On the other hand, the multi-functionality of contemporary peace operations and the perceived need to incorporate peace-building aspects as early as possible in the mission, means that longer-term concerns are also pertinent to attempts to determine success in a particular peace operation. However, mission complexity and the integration of many elements -- from disarmament to civilian protection and the promotion of gender equity, human rights, and democracy -- into the mandate of a single mission also provides a ready excuse for short-term failures. Where interventions are conceived as multifaceted and multi-agency affairs, culpability becomes blurred, as does the ability to actually to learn from failure. Obviously, long-term outcomes matter, but so do short-term outcomes (like saving the lives of 800,000 Rwandans). When tens of thousands of people have been killed and many more are likely to be killed, the challenge of creating a functioning democracy is not really the burning issue.
It is easier to determine failures if one concentrates on the mandate of a single element of the mission - the force, which is also the largest and most expensive, and which has since 1999 had a common task in all
missions: To protect civilians under imminent threat of violence, etc. In terms of ongoing missions, then, it is easy to point to UNAMID as a big failure in terms of its delivery of secure environment for the host population and for other mission elements and humanitarian actors.
MONUC also does not measure up well, given the massive displacement and gross human rights abuses that have continued in the east for more than a year after the mission oversaw national and provincial elections.

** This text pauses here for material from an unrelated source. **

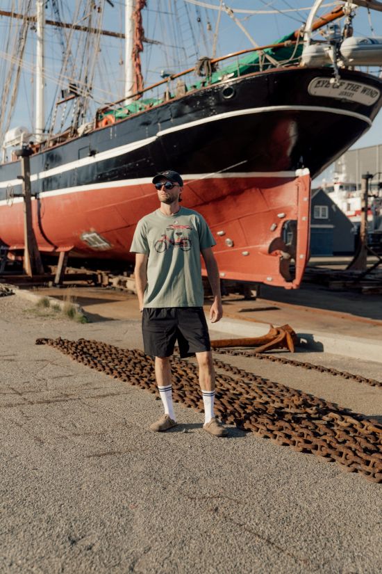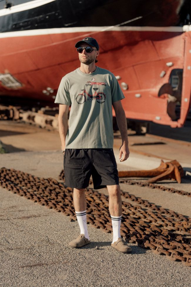 Midt i det enkle design finder du et håndtegnet motiv af en elg, der har tilpasset sig den nye virkelighed. Motivet er både charmerende og humoristisk og rummer den fortællende finurlighed, som LAKOR er kendt for. Det giver T‑shirten personlighed og et glimt i øjet – uden at tage overhånd.

However, such judgments are incredibly simplistic and harsh, given the lack of support for bringing UNAMID up to strength and the incredible progress MONUC made since it was launched as a small observer mission back in 1999, with a mandate to help end "Africa's first world war." It is easier and fairer to point to short-term success stories like UNMIL in Liberia. UNMIL was blessed with a relatively huge force, and was established in the wake of intense ECOWAS engagement that included some very robust operations in the '90s. This should not detract from the fact that UNMIL has provided Liberians with the foundations for creating a peaceful future and that the mission has been essential to broader regional stability. Going further back, Mozambique is clearly a much happier place than it was a decade ago - but it is difficult to assess exactly how essential OMUMOZ was to this transition.
In short, I do not think it is fair or constructive to judge entire missions as successes or failures. All missions have had some very dedicated and courageous people on board, and several have had visionary and committed senior leaders. All have arguably done way more good than harm. Africa is certainly much better off than it would have been without UN peacekeeping engagement.